В Петровых словах не было ни капли логики. Провозглашал опять-таки не Сашко, а он. И это рассмешило Долину. И примирило с Петром. Он снял и бросил на подоконник фартук, повязал галстук.

– Ну хорошо, давай свою куклу. Повожу ее за руку. Только ты того… не долго. Часа два я уж вам, – он нарочно сказал «вам», а не «ей», – пожертвую, но не больше.

Сашко запер мастерскую, и они вышли на крыльцо.

– Слушай, а для чего ей провожатый? Разве она одна не может ходить? – с досадой спросил Долина.

– Понимаешь, у нее не глаза, а блюдца, – слегка смутился Петро. – И она их на все вытаращивает. Не дай бог, попадет под машину. Или заблудится.
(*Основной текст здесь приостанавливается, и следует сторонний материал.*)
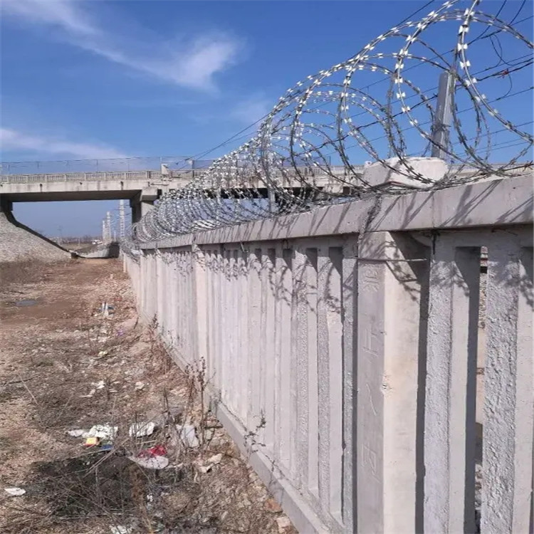 工程案例鐵路刺絲滾籠主要包括刀片剌網(wǎng),刺繩,和支架等.安裝好后具有很好的阻嚇效果,與能起到相同作用的產(chǎn)品比起來(lái)性價(jià)比是高很多的.主要制作工藝就是由熱鍍鋅鋼板或者不銹鋼鋼板沖壓出尖銳的刀片,然后由高張力鍍鋅鋼絲或者不銹鋼絲來(lái)做芯線組合構(gòu)成的防護(hù)產(chǎn)品。刀片刺繩由沖切鋼板采用機(jī)械壓軋?jiān)阡摻z上成型,刀刺寬度22mm,兩刃垂直間距15mm,刀刺縱向間距34mm,芯絲直徑為2.5mm。刀片采用厚度0.5mm的Q195鋼板沖切制作,芯絲由HPB300?6.5mm高線鋼絲加工。

Долина вздохнул и больше не спорил.

…Девушка ждала Примака у руин Успенской церкви, куда он велел ей прийти после выставки. Едва взглянув на нее, Сашко понял, что Петро точно и исчерпывающе охарактеризовал ее. Она и вправду напоминала куклу: красивая, с округлым личиком, большими синими глазами, длинными ресницами, малиновыми губами и аккуратным точеным подбородком. И вся она была на удивление складная: красивые полные руки, плавные линии плеч и талии, хотя немного и пухловата и ноги не совсем «современные»: не длинные и тонкие, а крепкие, с округлыми сильными коленями.

– Это и есть Люся. Первая красавица на все наши Ковши, – балагурил Примак. – Она окончила училище культпросвета, так что, думаю, обмен художественными ценностями будет вам полезен. Люся долго не получала распределения, но вот теперь устроилась. Едет в Полесский район. Ясное дело, этот район моментально выйдет на передовые позиции в республике по культуре.
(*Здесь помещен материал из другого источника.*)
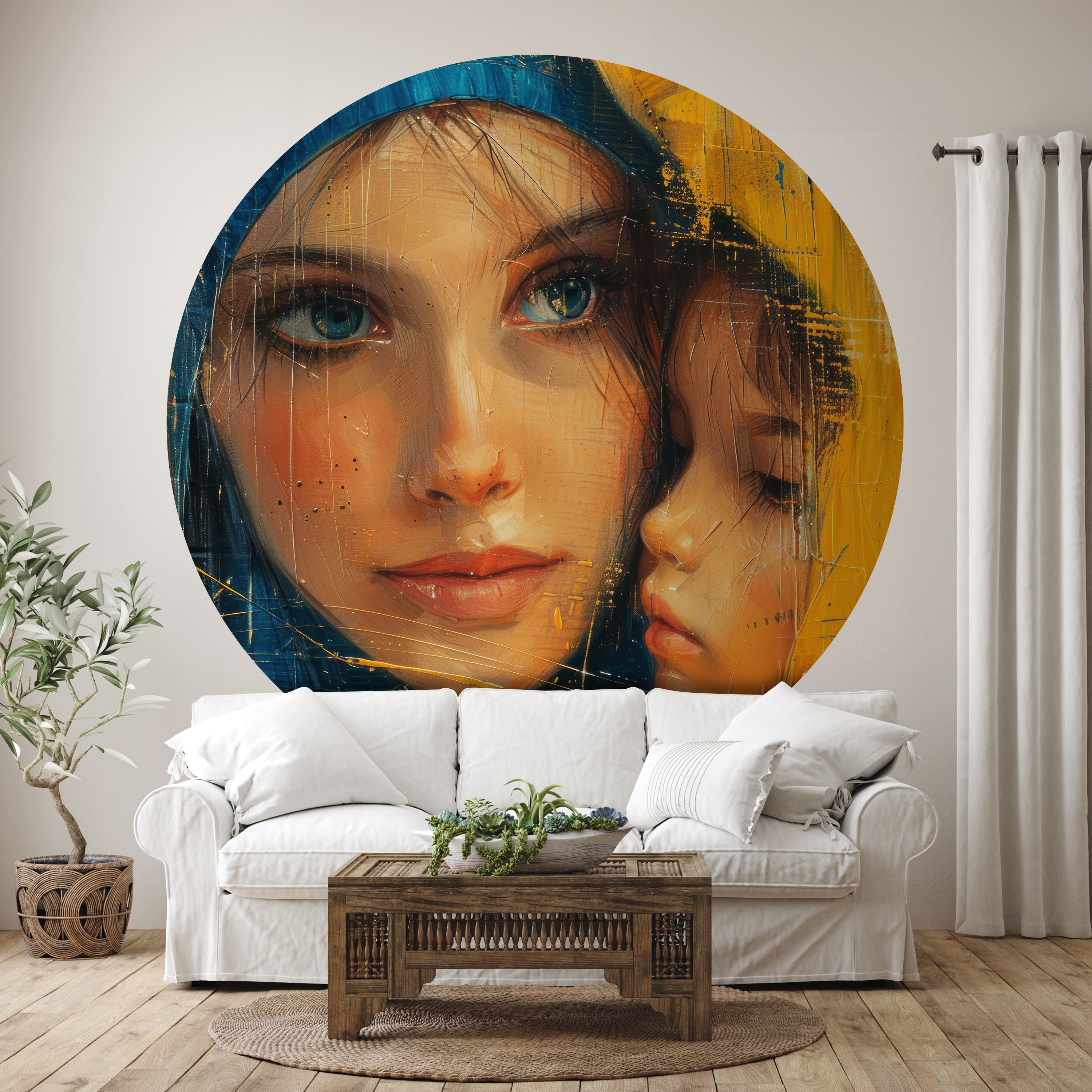 RUNDE FOTOTAPETE Malerei Frau Kind

Люся так смутилась, что долго не замечала протянутой ей руки. А когда заметила, смутилась еще пуще и вспыхнула до кончиков ушей. Сашку показалось, что из глаз ее вот-вот брызнут слезы, и он поспешил на защиту:

– Вы, Люся, не слушайте этого балабона. Хоть он и ваш сосед, но еще в бытность студентом упал с предназначенного не ему пьедестала, и с того времени у него голова не в порядке. У нас в группе ему поручали заговаривать зубы преподавателям, когда мы не были готовы к семинару. И Петро, бывало, как сыпанет вопросами, один другого примитивней. Но кое-кого из почтенных профессоров все же доводил до помрачения рассудка.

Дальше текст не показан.